The two Americans likely received access to ZMapp through Access to Investigational Drugs Outside of a Clinical Trial, or “compassionate use” clause of the US Food and Drug Administration (FDA). To gain access to an investigational therapy under this clause, “the patient must have a serious or immediately life-threatening disease or condition and no comparable or satisfactory therapeutic alternatives.” It is most commonly used in the US for patients with life-threatening cancer. Ebola, with a high likelihood of death, clearly fulfills this requirement. The other requirement is that the drug manufacturer and the physician must “come to an arrangement” that is approved by the FDA. It is not clear what this means and the FDA has not specified whether it approved the use of ZMapp.

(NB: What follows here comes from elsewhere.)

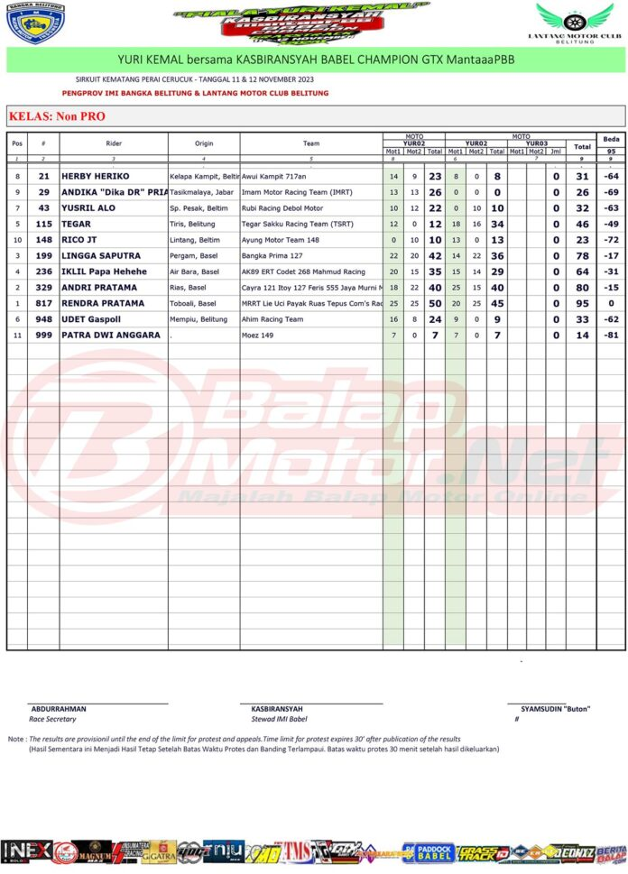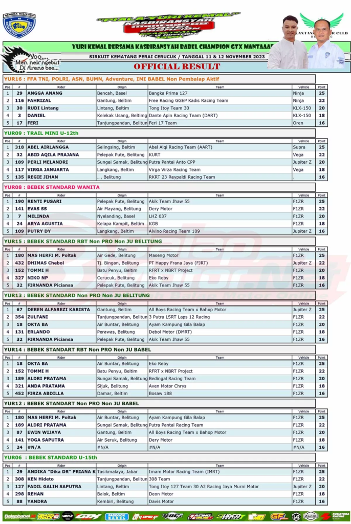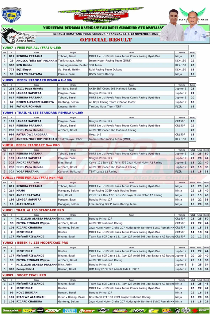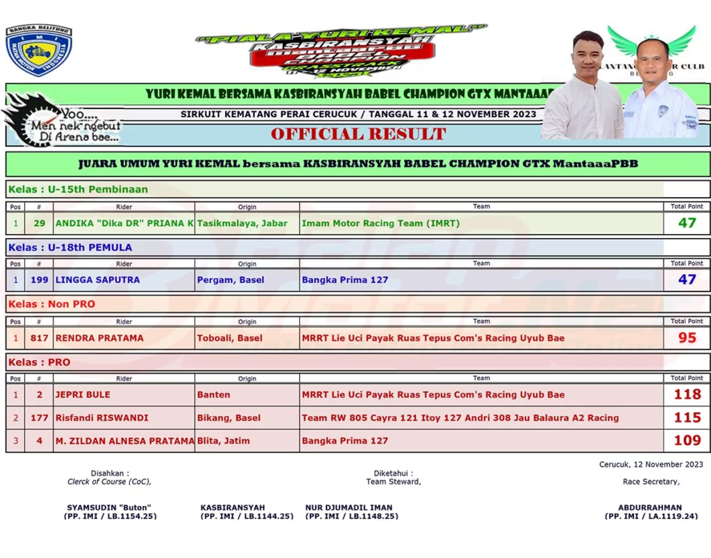 Berikut merupakan hasil juara dari gelaran Yuri Kemal Bersama Kasbiransyah Babel Champion GTX MANTAAPBB yang digelar di sirkuit Kematang Perai Cerucuk, Belitung pada 11-12 November 2023.
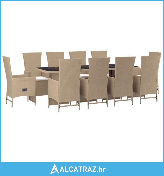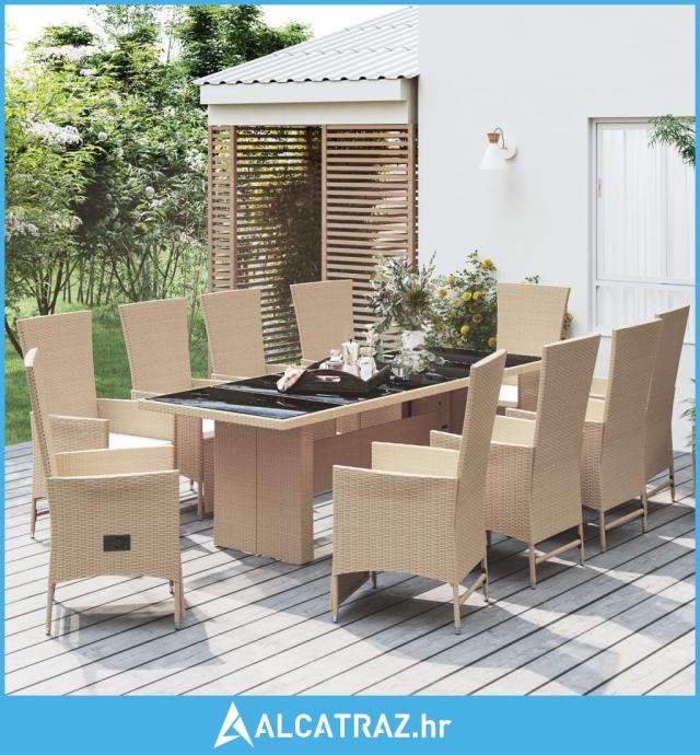 11-dijelni vrtni blagovaonski set od poliratana s jastucima bež - NOVO

But even if doses of ZMapp were available, another urgent issue needs addressing before the treatment can be administered in the African areas hit by the epidemic. There is currently no accepted international consensus on providing experimental drugs in an outbreak setting, and the international community must urgently agree on accepted standards for when and how experimental treatments might be made available. These standards must also aim to guarantee that all patients, regardless of wealth or geography, have the same opportunity to make decisions regarding experimental treatments during an outbreak.

Though choices

This would not, however, eliminate the need to make incredibly difficult decisions. We know very little about ZMapp. The two Americans seem to be recovering, but they could possibly have recovered even without the therapy. The US CDC estimates that slightly more than 50% of patients are surviving the current outbreak. We also have no idea about the safety of the investigational treatment. How certain can we be that administering ZMapp will not result in more serious cases or possibly more deaths when used?

Another avenue through which some patients might gain access to the ZMapp would be a clinical trial. But testing new drugs in an epidemic setting is also incredibly challenging, especially if the disease is as sporadic and unpredictable as Ebola. If the infrastructure were in place to conduct a trial, there are still many other ethical questions inherent in this kind of clinical research. Is it ethical to have a control group that does not receive the drug? Can patients provide informed consent when faced with near imminent death?

Most importantly, if the drug is indeed found to be effective through clinical trials, new policies must ensure that those  infected with the deadly disease must have equal access to the drug. In the past, many experimental drugs tested in poor countries have only been available to those who can afford them when they first become available.

The World Health Organization is convening an emergency meeting this week in Geneva to discuss the ethical issues surrounding the use of investigational drugs in epidemics. Many of these issues will likely be discussed and, hopefully, the international community can agree on fair and ethical principles for allowing access to drugs in these difficult scenarios. Sadly, it will be too late for more than 900 West Africans.

We must not allow history to once again repeat itself. The AIDS epidemic should continue to serve as a reminder to the world what can happen when only those in a particular geography have access to potentially life-saving drugs. Currently, less than 2,000 people have been infected with Ebola in West Africa. For these individuals, and those who may become infected in the near future, we need to act quickly. When only Americans have access to new or experimental treatments, others often die needlessly.